Good design functions best.
“I take pride in my circuit boards looking pretty,” said Michelle Temple, co-creator of low-cost hearing aid supplement W EAR, in her spacious Crown Heights studio that she shares with several other artists. “And the device works better because it’s pretty.”
Temple developed the W EAR device, which was on display at a recent wearable tech event, with her professor, Eric Rosenthal, from the Interactive Telecommunications Program at New York University (ITP). She came up with the idea after developing a directional speaker during her graduate work at ITP, realizing she could use the same techniques to create directional mic that’s much, much smaller than the typical shotgun microphone. (Watch an early test from last year below.)
Temple is a Fort Greene artist, but she also works as an interpreter for people with hearing loss. She knows that the cost of hearing aids are prohibitively expensive for people without insurance. They can run in the thousands of dollars, she said.
Temple and Rosenthal believe they can mass produce the W EAR at cost in the low hundreds. Maybe even for less than $200, and give it a look similar to an iPod. A user could then wear the device around their neck, use regular headphones and draw no more attention by wearing it than someone would listening to music.
“The stigma of having a disability is non-existent with glasses, and I’d like to make something that accomplishes that for hearing,” she said.
Rosenthal and Temple have been working on the product for about two years now. She went through more prototypes than she can count — see some of them on her Vimeo. All the fabrication has been done in her studio. She would make a new design there and then take it to NYU and let Rosenthal test it out and give her feedback.

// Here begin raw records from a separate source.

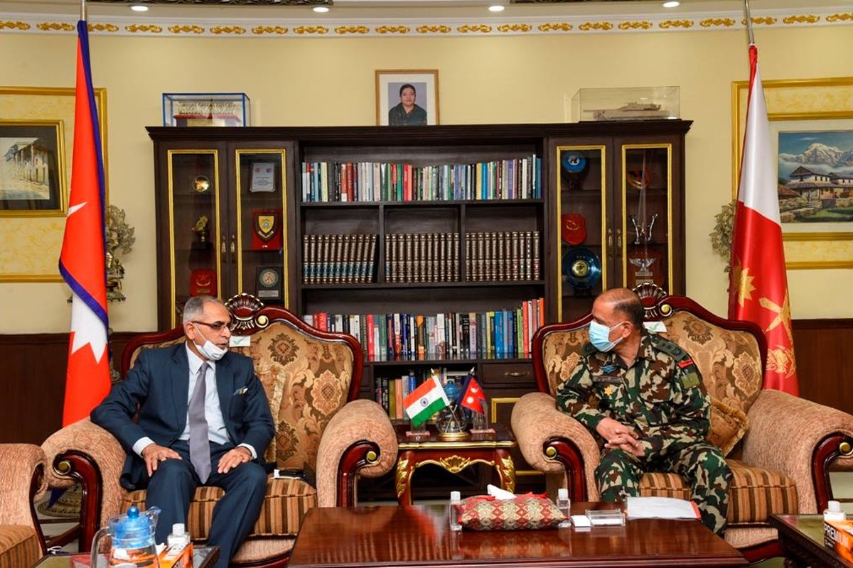 KATHMANDU: Indian Ambassador to Nepal Vinay Mohan Kwatra met with Acting Chief of Nepali Army Prabhuram Sharma at latter’s office Bhadrakali Friday.
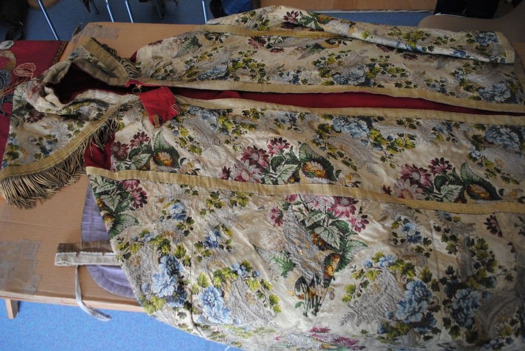 Chape en brocard blanc à décor floral rebrodé de fils d'or et d'argent.
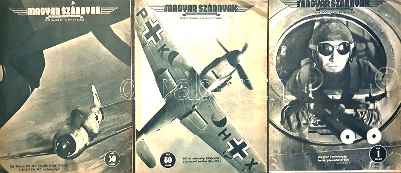 [Folyóirat] Magyar Szárnyak. Repülésügyi folyóirat. Szerkeszti: Jánosy István. Megjelenik havonta kétszer. VI. évfolyam, 12., 17. szám, VII. évfolyam, 19. szám. [1943. június 15. - 1944. október 1.]
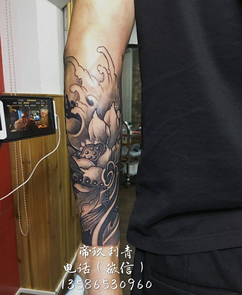 一组15张莲花纹身手
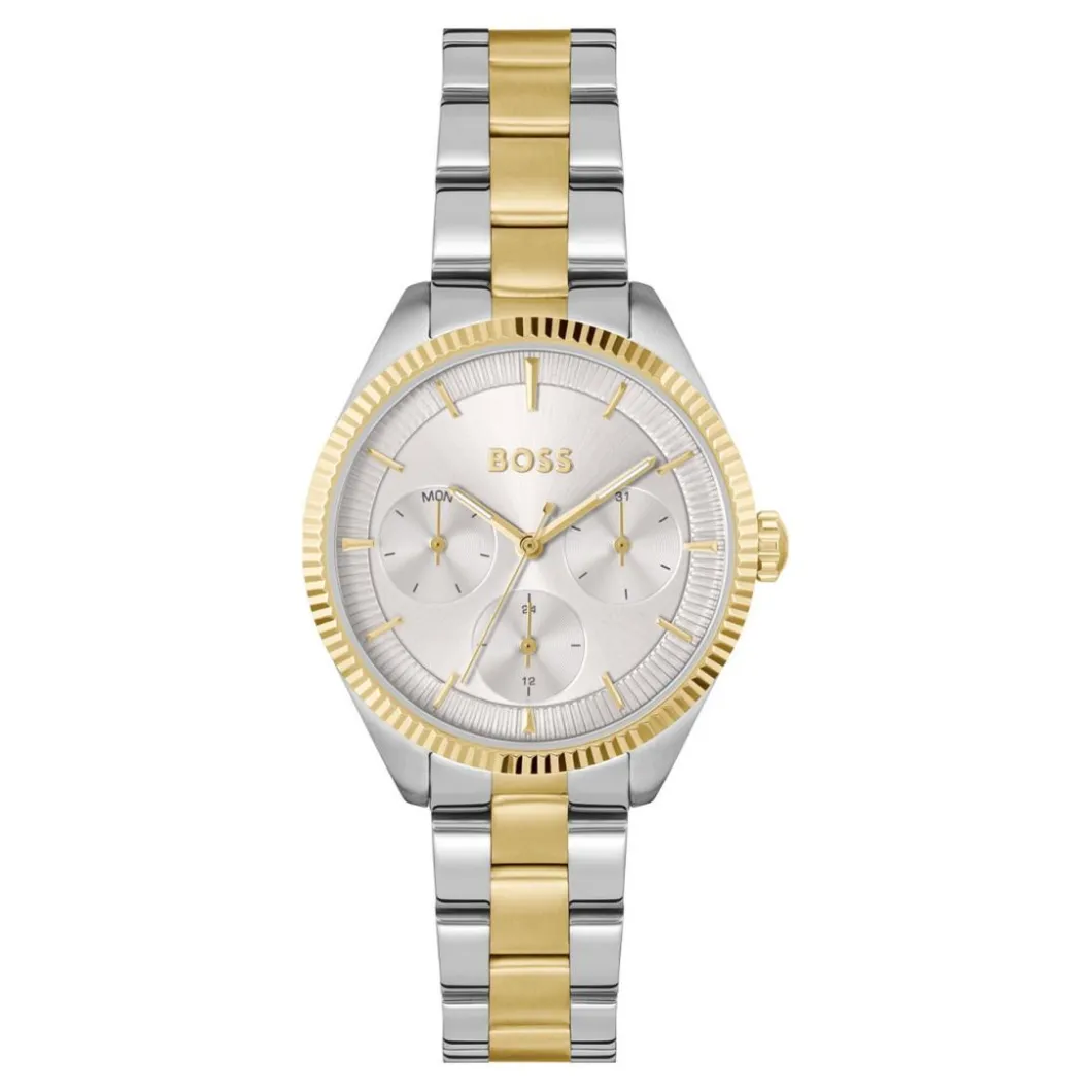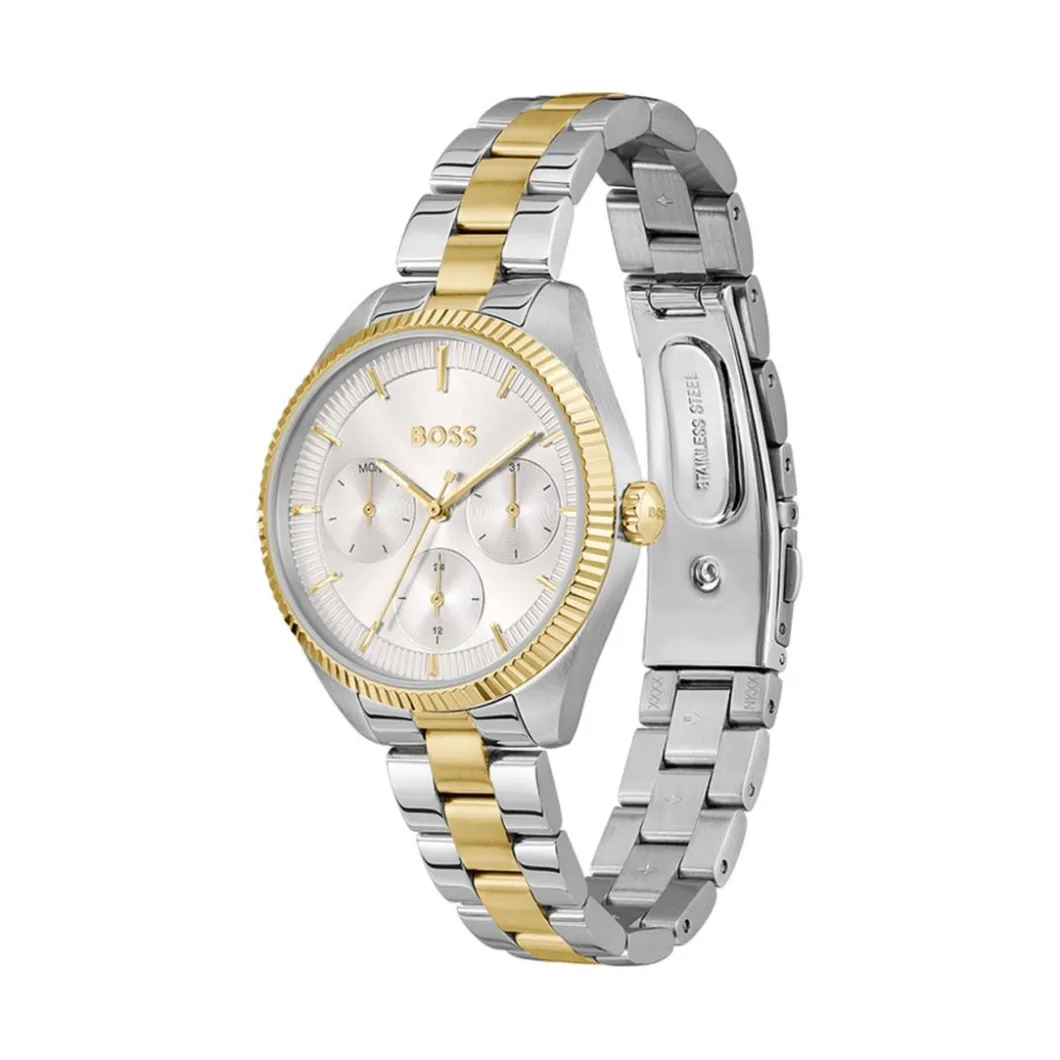 La Montre Femme Boss Sage Sport – 1502804 est un choix élégant pour toute femme qui cherche à compléter son style avec une montre polyvalente et impressionnante. Le boîtier rond en acier argent d’un diamètre de 34 mm encadre un affichage analogique, posé sur un bracelet en acier aux teintes argent et doré. Cette montre, dotée d’une étanchéité jusqu’à 30 m (3 ATM), fonctionne grâce à un mouvement à quartz, garantissant une précision inflexible. Le type de fermeture est une boucle déployante, facilitant ainsi son utilisation au quotidien. Le verre minéral de haute qualité protège l’écran de la montre, perpétuant l’éclat de cette création de marque Boss.

The biggest breakthrough came when she learned how to build the circuit boards using the surface mount technique rather than through-hole circuit boards. In other words, rather than her components having little legs that pass through the circuit board and get soldered on, they rest directly on the solder and are then baked onto the circuit board. It’s a very delicate procedure, primarily used now to make cell phones as thin and compact as they are.
Temple spent three to four months over the last year learning to do it by hand, with tweezers and a microscope. The intricacy is worth it, she said, because the system works better that way, making the device much smaller and much lighter. The photo below shows a prototype made with through-holes in the foreground and a more recent one in the background.
W EAR is pursuing crowdfunding options now. They have an application to conduct a Kickstarter in and are waiting to see whether or not it will be approved.
“We’re seeing if it’s a good fit,” she says. The trouble the team has now is that they don’t have the customer base to make thousands and thousands of the device with a large manufacturer, but they also can’t hand manufacture them in the quantity they could reasonably expect to serve.
Right now, they have about 20 handmade devices out in the hands of people with hearing loss and the feedback has been very positive. The device also has applications for field recording more precisely, in the form of a much lower profile directional microphone, for recording music or video.